Prompt: Keep the pictures out, and restate the listing that follows exactly as written.

Data shown:
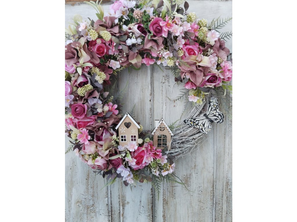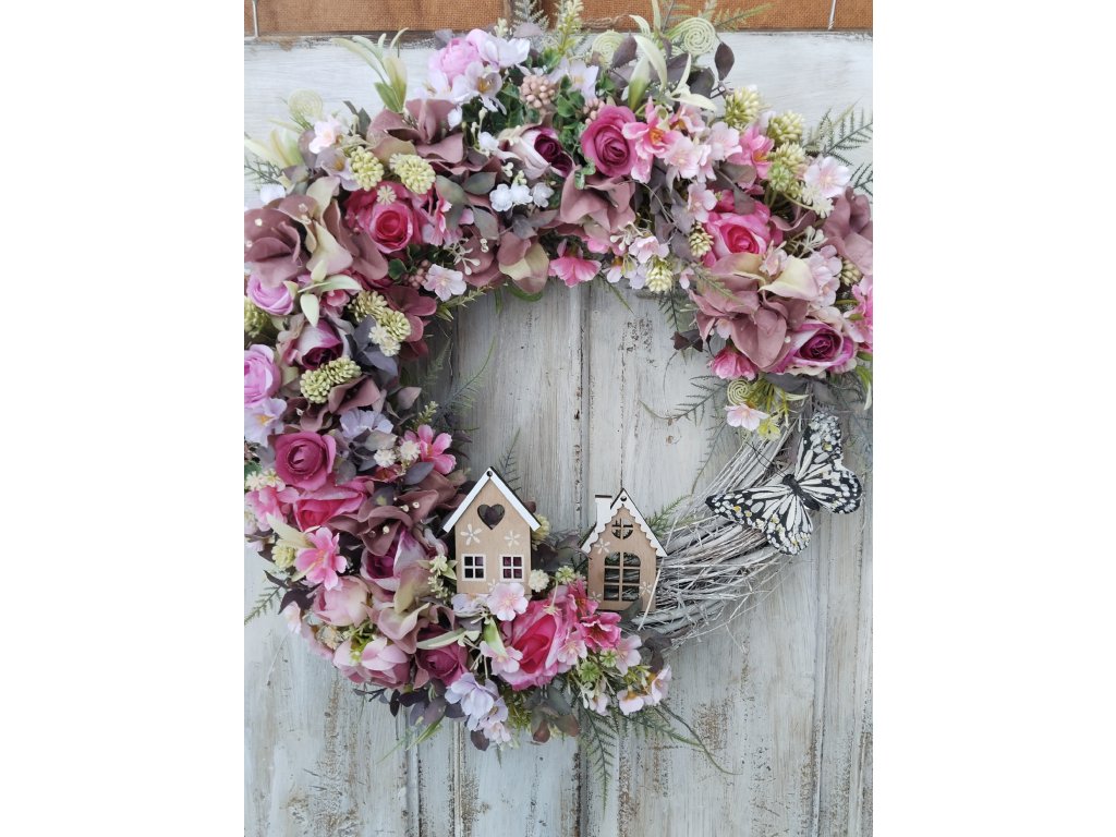 Celoroční věnec na proutěném korpusu, dozdoben látkovými a umělými květinami
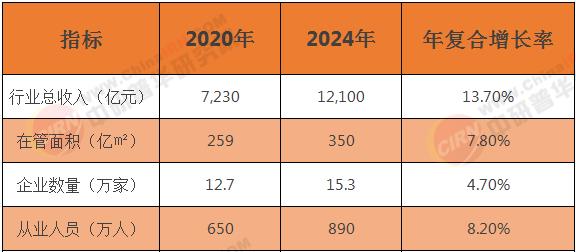 中研普华监测数据显示,2020-2024年物业管理行业核心指标增长显著:
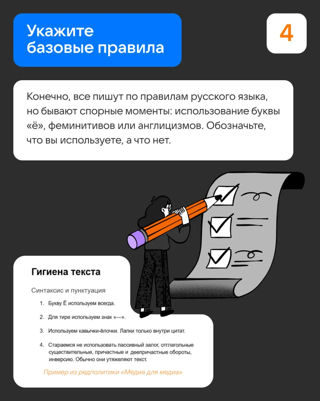 Редакционная политика — главный документ для любого медийщика, который работает с текстами. В ней собраны ответы на все философские вопросы: кто вы, как пишете, кто вас читает?
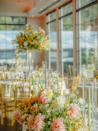 The choice of yellow, a color symbolizing joy and optimism, created a radiant atmosphere that perfectly complemented the couple's special day. From delicate daffodils to bold sunflowers, each bloom was thoughtfully selected and arranged to enhance the venue’s charm. The lush, yellow floral arrangements transformed the Swan Club into a picturesque setting, where every detail reflected the beauty of spring and the excitement of a new beginning.

Solution for this exercise:
 Celoroční věnec na proutěném korpusu, dozdoben látkovými a umělými květinami
 中研普华监测数据显示,2020-2024年物业管理行业核心指标增长显著:
 Редакционная политика — главный документ для любого медийщика, который работает с текстами. В ней собраны ответы на все философские вопросы: кто вы, как пишете, кто вас читает?
 The choice of yellow, a color symbolizing joy and optimism, created a radiant atmosphere that perfectly complemented the couple's special day. From delicate daffodils to bold sunflowers, each bloom was thoughtfully selected and arranged to enhance the venue’s charm. The lush, yellow floral arrangements transformed the Swan Club into a picturesque setting, where every detail reflected the beauty of spring and the excitement of a new beginning.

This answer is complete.